Editor’s Note: Today’s post is by Stuart Leitch. Stuart is the Chief Technology Officer at Silverchair.
Artificial intelligence and large language models have the potential to change, even disrupt, every aspect of scholarly publishing, from how infrastructure and platforms are developed to how content is discovered, used, and licensed. This post is based on the opening keynote from Silverchair’s Platform Strategies 2023, “AI in Scholarly Publishing,” and offers a conceptual overview of the technologies, and a view of how our industry fits in.
Smart people disagree about generative AI. Some people see this as the latest the latest fad with a peak of inflated expectations in the hype cycle. Others see something far more profound coming. Likewise, there are a range of views on how good or bad AI will be for humanity.
In my view, we’re experiencing an unprecedented era where AI has transitioned from highly specialized models with complex architectures operating in narrow domains, to general models with simple architectures with very broad domain applicability. AI models have outgrown mere classification and pattern recognition and are now creative.
On the contrary, Software 2.0, written in abstract languages like neural network weights, is less friendly to humans. This software doesn’t involve human-written code due to its impractically high number of weights (tens to hundreds of billions of numbers in a matrix). Instead, we set goals on desired behavior and give it computational resources to learn towards these goals. We can’t debug the output, and we have very little detailed understanding of how it works. It’s a whole new paradigm in software development that is rapidly escaping beyond narrow, bounded contexts into the broad.
In other words, we don’t “program” Software 2.0 as we do 1.0. Rather, we “train” it. In 1.0, we explicitly write software, algorithm by algorithm into features and components. The properties and capabilities of the system are exactly those we have “programmed” in. In 2.0, we provide the data and compute, and the model learns on its own, building its own internal structures in ways we don’t yet really understand. The properties and capabilities of 2.0 systems are emergent, much like how properties emerge in complex systems in nature.
Google Research’s illustration above shows how capabilities have progressively emerged as the parameter count of the LLM increases. With each new order of magnitude, new capabilities surface. Our ability to engineer such systems radically outstrips our abilities to understand them. As models scale, they acquire new skills unevenly but predictably, even though these observed scaling laws remain somewhat mysterious.
As leading AI players build some of the world’s largest supercomputers, we’re about to find out what capabilities emerge next as billions of dollars are rushed to the top companies in the arms race to AGI.

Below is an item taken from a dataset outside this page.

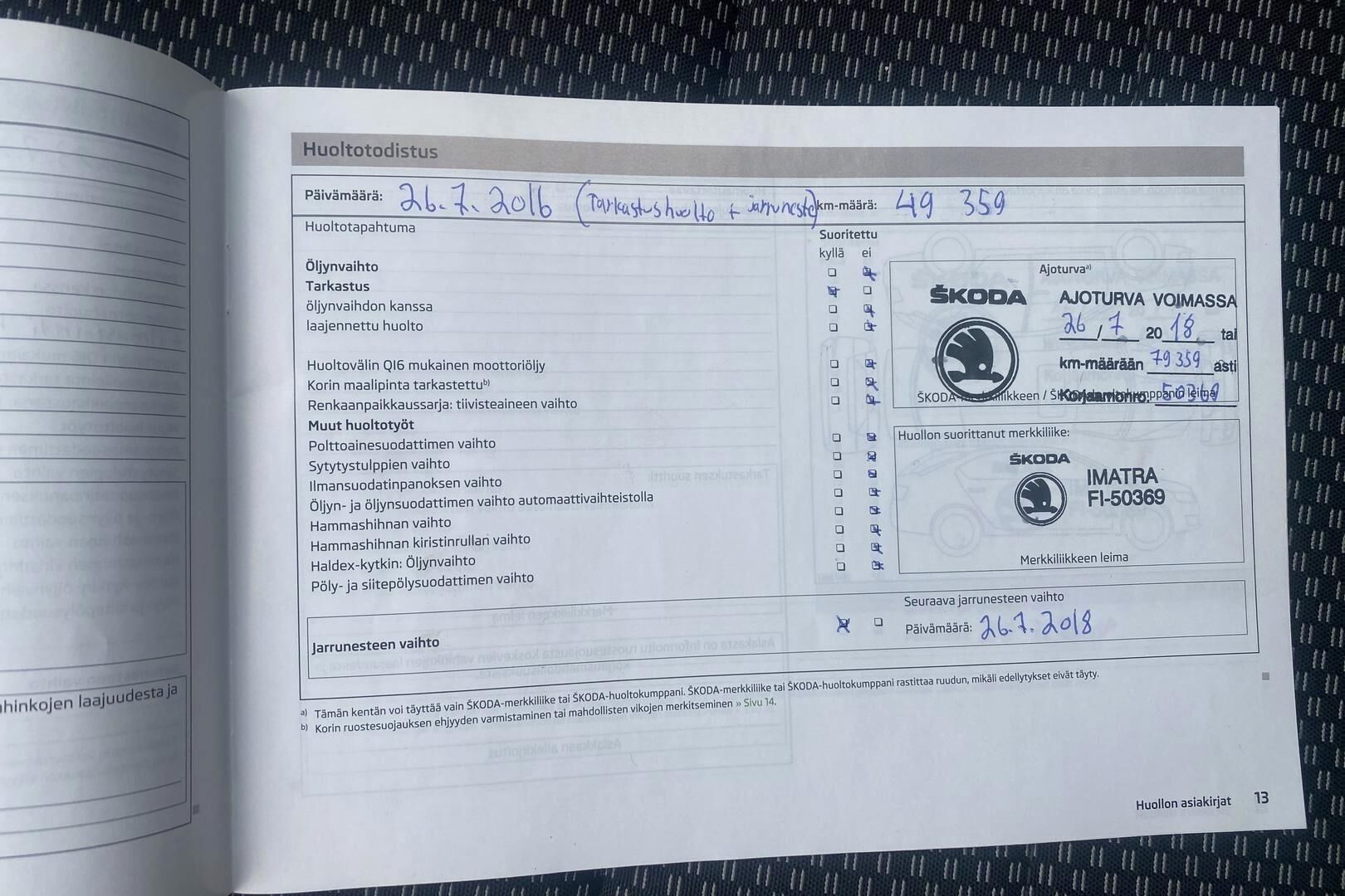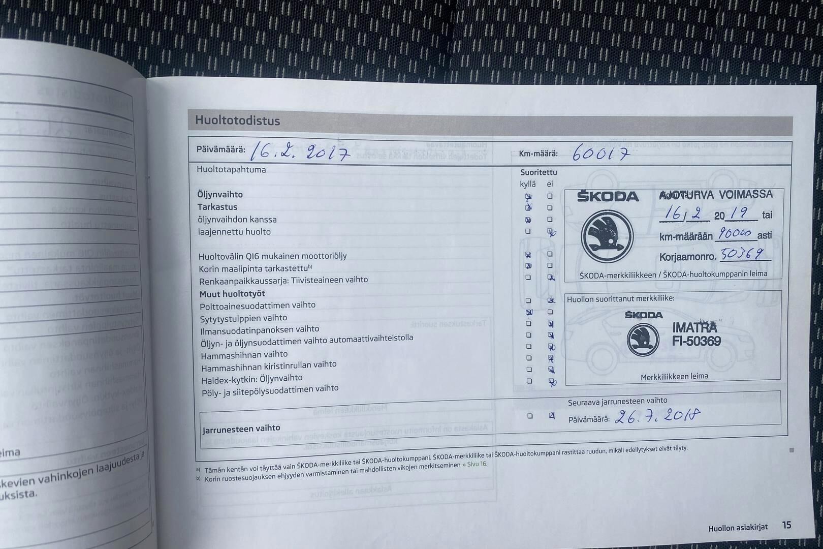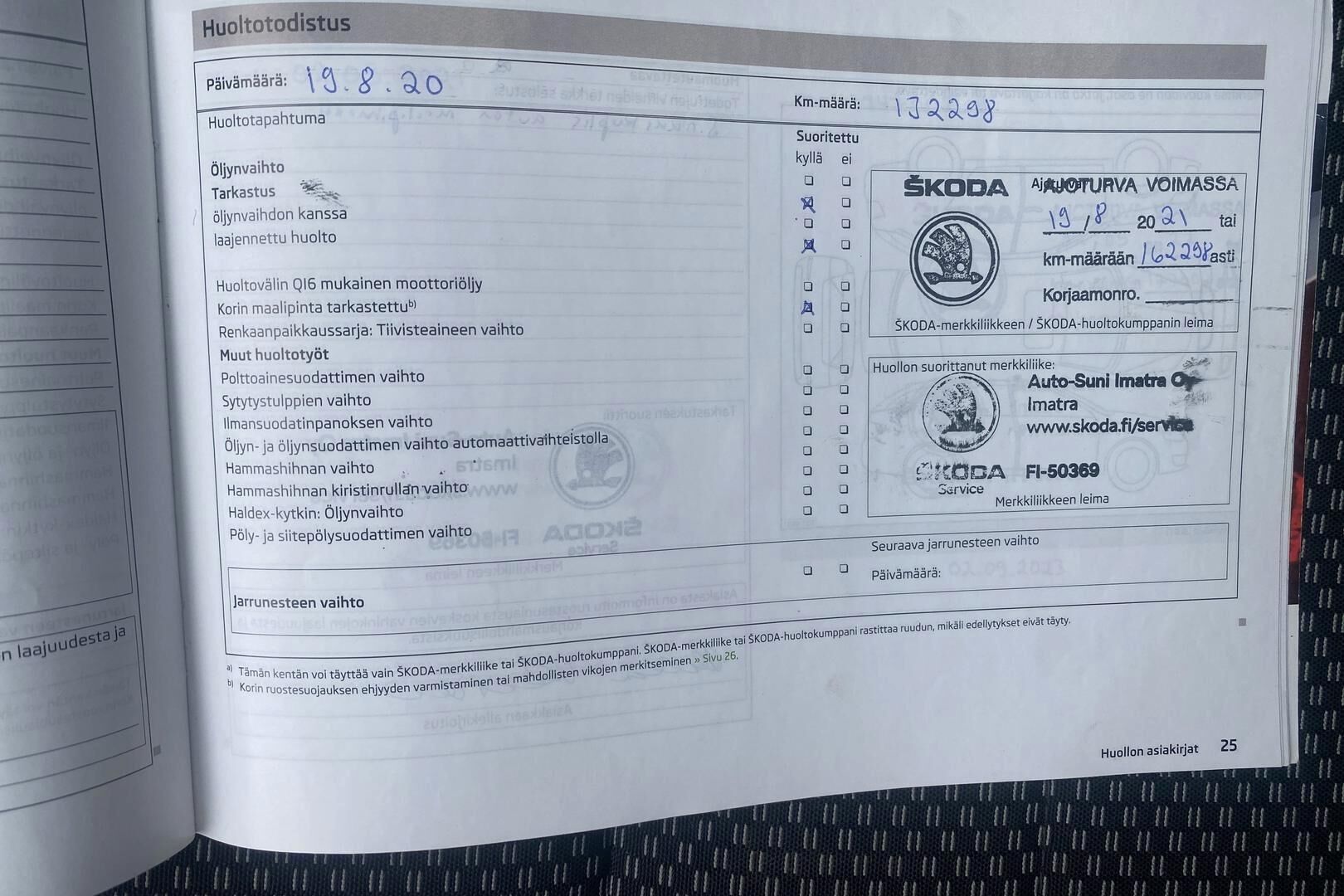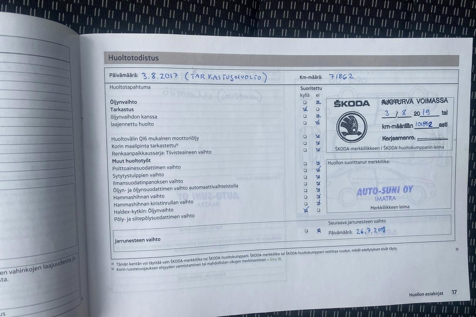 Merkkiliikkeen huoltokirja

The vast majority of pundits agree that these systems are going to be extremely intelligent. But there’s a difference between intelligence and wisdom. What’s of concern is whether these systems will be wise. That’s going to in part heavily depend on the training data we feed them.
We’ve seen Reddit, Twitter/X, and 4Chan become the poster children for humanity’s most reactive thought processes, dominated by hot-takes and flared emotions. The premium will be on the more deliberative, disciplined System 2 style thinking for which academia is society’s primary institution, with publishers as the gatekeepers.

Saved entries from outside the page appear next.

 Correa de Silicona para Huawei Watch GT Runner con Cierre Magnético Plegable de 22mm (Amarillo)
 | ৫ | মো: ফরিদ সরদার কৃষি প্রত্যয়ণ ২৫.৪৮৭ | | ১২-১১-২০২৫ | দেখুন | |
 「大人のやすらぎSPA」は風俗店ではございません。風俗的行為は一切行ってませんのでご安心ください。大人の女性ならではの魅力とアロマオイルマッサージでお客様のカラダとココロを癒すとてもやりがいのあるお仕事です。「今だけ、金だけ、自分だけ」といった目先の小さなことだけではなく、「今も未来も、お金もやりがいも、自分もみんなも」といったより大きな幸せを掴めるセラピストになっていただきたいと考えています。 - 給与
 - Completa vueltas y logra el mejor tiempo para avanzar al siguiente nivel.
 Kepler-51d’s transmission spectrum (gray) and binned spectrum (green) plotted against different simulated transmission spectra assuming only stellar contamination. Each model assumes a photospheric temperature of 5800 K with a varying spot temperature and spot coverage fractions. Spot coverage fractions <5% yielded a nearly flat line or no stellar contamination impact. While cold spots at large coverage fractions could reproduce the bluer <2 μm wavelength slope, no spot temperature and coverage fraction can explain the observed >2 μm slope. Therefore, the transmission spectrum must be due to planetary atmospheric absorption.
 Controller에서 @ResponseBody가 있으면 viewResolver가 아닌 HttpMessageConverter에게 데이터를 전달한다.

Academia has developed an amazing tree of knowledge which is arguably the most important data for Large Language Models to be trained on. The frontier foundation models are widely assumed to have been trained on a wide variety of paywalled content. There are ferocious legal efforts underway to get this content out of the training sets.
The provocation I put forward is what happens when we have models growing ferociously in capability, but we decline to train them of the very best sources of human wisdom and instead have them learn on the longer tail of less rigorously curated information, or information that is out of date. What does that do to the risk that these technologies are needlessly rough on humanity? If we succeed in getting the LLMs unhooked from the best sources of information right as they are set to have whole new sets of capabilities emerge and are being integrated into everything, how might that play out? Do we want the tech oligopoly turning to simulations to generate the training data?
If we treat this as a gifted child that may take over the world, we owe it to humanity to give it the best education possible and to ground it in the best of human wisdom. It for sure knows about Nietzsche, Machiavelli, Sun Tzu, and Clausewitz.
My provocative thought is that rather than trying to get premium scholarly information out of LLM training sets, we should fight to get it in there, on terms that are economically sustainable.
There is far more at stake than just preserving our business models. This is the time to look deeply into our missions underlying our organizations and consider what role we may play in nudging the outcomes. This transition is simultaneously fraught with existential risk and holds the promise to solve many of humanity’s greatest challenges. Food for thought.